Silence hung in the air like a thick fog, smothering her lungs and clouding her mind. Slowly, Joanne tried to push away the cobwebs that had covered her mind, but she still could not speak. Nothing seemed to make sense any more. She was disgusted by her own people, confused and ashamed, but most of all, broken from the harsh reality that the images and narration had been right, humans were a self-destructive and vile race.
Giaga rose regally to stand beside her. Joanne swallowed hard, searching for something to say, but Giaga came to her rescue. Of course, Joanne could hardly know this. The clicks and whistles escaping Giaga’s lips meant next to nothing to her. She waited in anticipation as the swarm of Myantides around her clicked back and forth, finally quieting down, leaving only Giaga and the blue woman who had spoken before clicking to each other from opposite ends of the dome. Abruptly, the paler blue woman sat down, her lips spread into a thin smirk. Giaga turned to Joanne who listened eagerly. “We have agreed to allow you two weeks in which to find something worth keeping your people alive. If in that time you cannot persuade the council to show mercy on your people, Earth will be destroyed. However,” Giaga smiled gently at her. “If you come up with ample proof that yours is a race worthy of life, we will return you and your comrades to your homes.”
Joanne smiled stiffly and nodded her thanks to Giaga. The council meeting seemed to end then, Myantides rose and exited all around her, but Joanne hardly noticed. She could only think of one thing, how impossible it would be to find one thing to forgo Earth’s destruction, and in two weeks.

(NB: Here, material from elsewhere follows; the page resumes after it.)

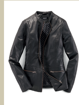
Lammnappa Jacke Komfortzone Gr.: K 18-23/ N 36-50 Nr. 44-6012 ab € 299,-

Chic und ein bisschen rockig wirkt diese Lederjacke – und ist dabei unglaublich komfortabel. Nur besonders hochwertiges, handschuhweiches Lammnappa kam zum Einsatz. An den Seiten und den Unterarmen bilden feine Strickeinsätze zusätzliche Komfortzonen.

Curled under a blanket later that night, Joanne sat up watching her sleeping “comrades”. Immediately after she returned from the council hearing, Tene, Jabari and Rosemary had bombarded her with questions, which she shrugged off saying she was tired and needed to sleep. This was partially true, she had had little sleep before the council meeting, and the haunting feeling of sadness that had been eating away at her since seeing the images of Earth was draining her of energy. Now, everyone else was resting in the cool calm of the room which was illuminated by a soft, blue light from overhead. Strange shadows played across the floor and walls as the sleepers stirred, but Joanne’s eyes remained fixed on a blank piece of wall that was unaffected by the light, a black patch amongst the fading blues and grays. A scuffing noise to her right shocked her out of her trance and she jumped as something rubbed against her lightly. Joanne’s eyes slowly adjusted to the change in light, and she sighed with relief when she saw Chinue’s timid figure beside her. Joanne smiled faintly, the girl couldn’t have been more than thirteen or fourteen, she must have been frightened beyond all belief, and not being able to communicate with anyone-
“Are they sleeping?” Joanne’s mouth hung open in disbelief as Chinue gazed at the others warily. She turned her wide eyes back to Joanne’s. “I don’t want them to hear us,” she whispered.
Joanne closed her mouth, and stared at the girl, not knowing quite what to say. “Will you speak to me?” Chinue asked, pushing herself a bit closer to Joanne.
“Um, sure, I guess,” Joanne said; only realizing how rude that sounded after the words had escaped her lips. “I mean, of course, I just didn’t realize you spoke English!”
Chinue held a finger up to her lips and peered about the room again. She looked intently at Joanne and whispered, “The others cannot know,” Joanne nodded.